# Spot removal over an already removed spot



## brendatharp (Jul 26, 2017)

Forgive me if this has been posted before, but various ways to describe this made it difficult to find if it had been posted! 

I have often had situations where in using the spot removal tool in healing mode, even in cloning actually, the area it chooses as the best replacement option has other things in it that end up looking obviously repeated - like water drops in the air, or stones on the ground. If there is another area that might work, I'll try it, but when it's the best overall area, once I accept that, how can I then go into that already spotted area and remove a water drop or stone? Everytime I move the cursor near that spotted area, it activates the larger spot that was already done. Anyway to overlap like this?? Thanks to all for any help you can give here.


----------



## Hal P Anderson (Jul 26, 2017)

You can create another cloning spot somewhere else in the image and drag it over the first one.


----------



## Johan Elzenga (Jul 26, 2017)

I'm not sure if this works in LR5 too, but this works in LR6: At the bottom of the screen, set the Tool Overlay to 'Never'. Now you can clone over previously cloned spots.


----------



## brendatharp (Jul 27, 2017)

JohanElzenga said:


> I'm not sure if this works in LR5 too, but this works in LR6: At the bottom of the screen, set the Tool Overlay to 'Never'. Now you can clone over previously cloned spots.

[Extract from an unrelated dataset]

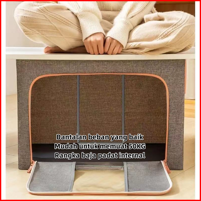66l 110l Kotak Penyimpanan Tahan Lembab Storage Box Pakaian Serbaguna Mainan Box Baju Besar Organizer Lipat Linen Katun
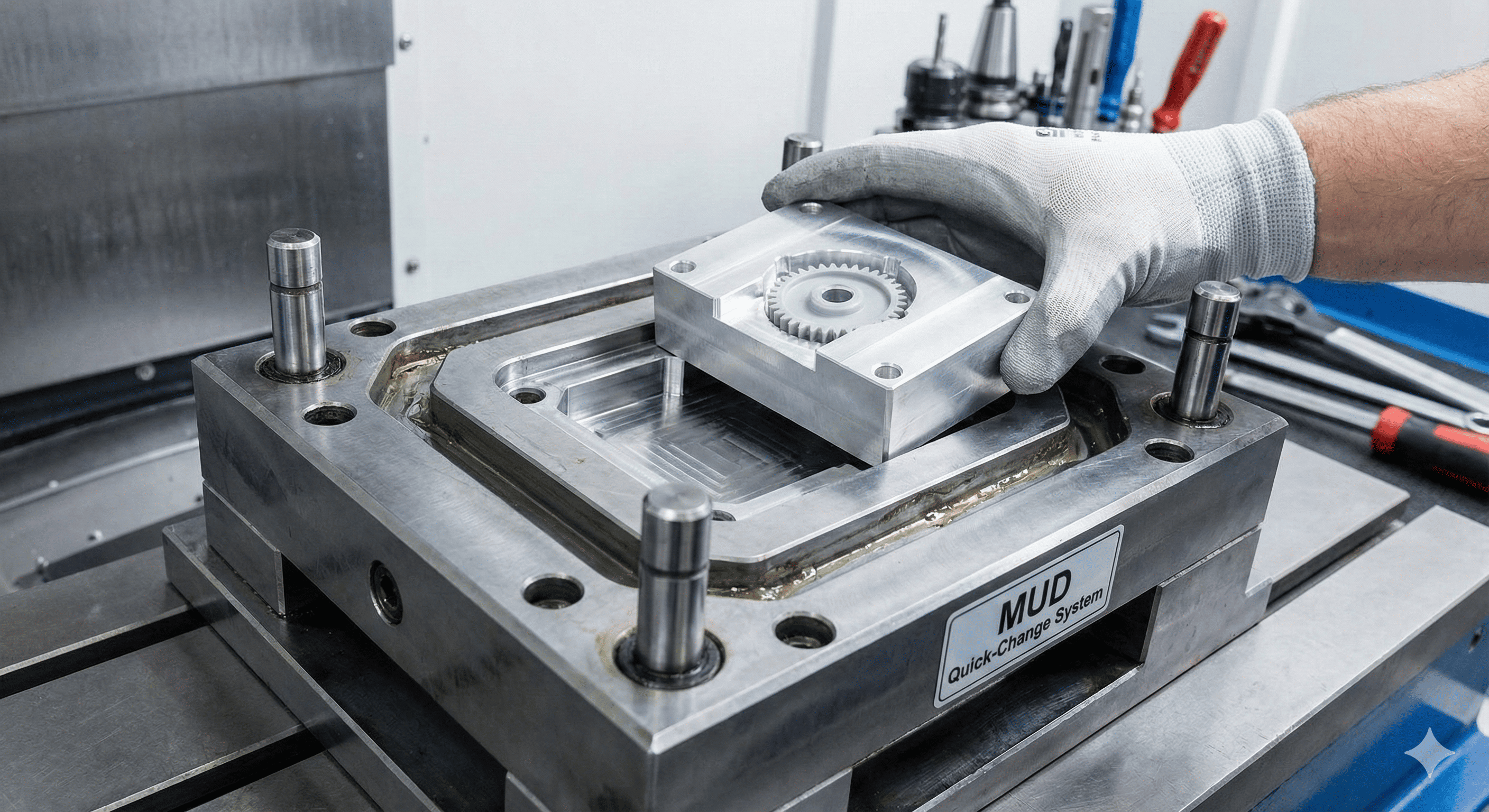 A nehézemelés közben történik Formatervezés . A nagy volumenű gyártás során a ciklusidő minden mikromásodperce miatt aggódik, ezért összetett „vízköpenyt” épít a hűtéshez. Kis térfogatú fröccsöntésnél egyszerűsítjük. használjuk Master Unit Die (MUD) alapok – szabványos keretek, amelyek egyedi betéteket tartalmaznak. Ez azt jelenti, hogy csak az „üreget” (az alkatrész formáját) kell kivágnunk, nem pedig az egész masszív fémtömböt.

Thank you! That's exactly what I needed to know, and hopefully Hal Anderson will see this reply as it may be news to him too! I knew there was a way but just couldn't figure it out. I'm happy...


----------



## Johan Elzenga (Jul 27, 2017)

Good to hear you can use it after all. It's important to keep your personal info up to date. Your info says you are using LR5 and the tip I gave only works in LR6, so you're lucky I didn't decide it would be useless to tell you this.


----------



## brendatharp (Jul 27, 2017)

JohanElzenga said:


> Good to hear you can use it after all. It's important to keep your personal info up to date. Your info says you are using LR5 and the tip I gave only works in LR6, so you're lucky I didn't decide it would be useless to tell you this.


Thank you AGAIN for reminding me to update my profile, Johan. Little things like this can slip away unnoticed in all there is to do, unless someone who cares points it out. By the way, lovely profile picture and blog/galleries as well.


----------



## rampanthamster (Sep 2, 2017)

Hi Brenda - the 'H' key comes in very handy in these instances, to quickly hide/unhide the clone spots you've used. And once hidden, as i'm sure you now realise - it's fine to clone/spot remove to your hearts content anywhere on the image


----------



## brendatharp (Sep 3, 2017)

rampanthamster said:


> Hi Brenda - the 'H' key comes in very handy in these instances, to quickly hide/unhide the clone spots you've used. And once hidden, as i'm sure you now realise - it's fine to clone/spot remove to your hearts content anywhere on the image


Thank you very much! I did figure that out, so combined with all the other replies I have solve my issue! This forum is great...many thanks for your help!


----------



## rampanthamster (Sep 4, 2017)

could agree more - very glad I've found this forum. Particularly as I'm a lightroom user who's looking to develop my photoshop skills a bit and not happy to be stuck in a rut so to speak. I've only just joined but there certainly seem to be a plethora of interesting and worthwhile threads to delve into, i must say.


----------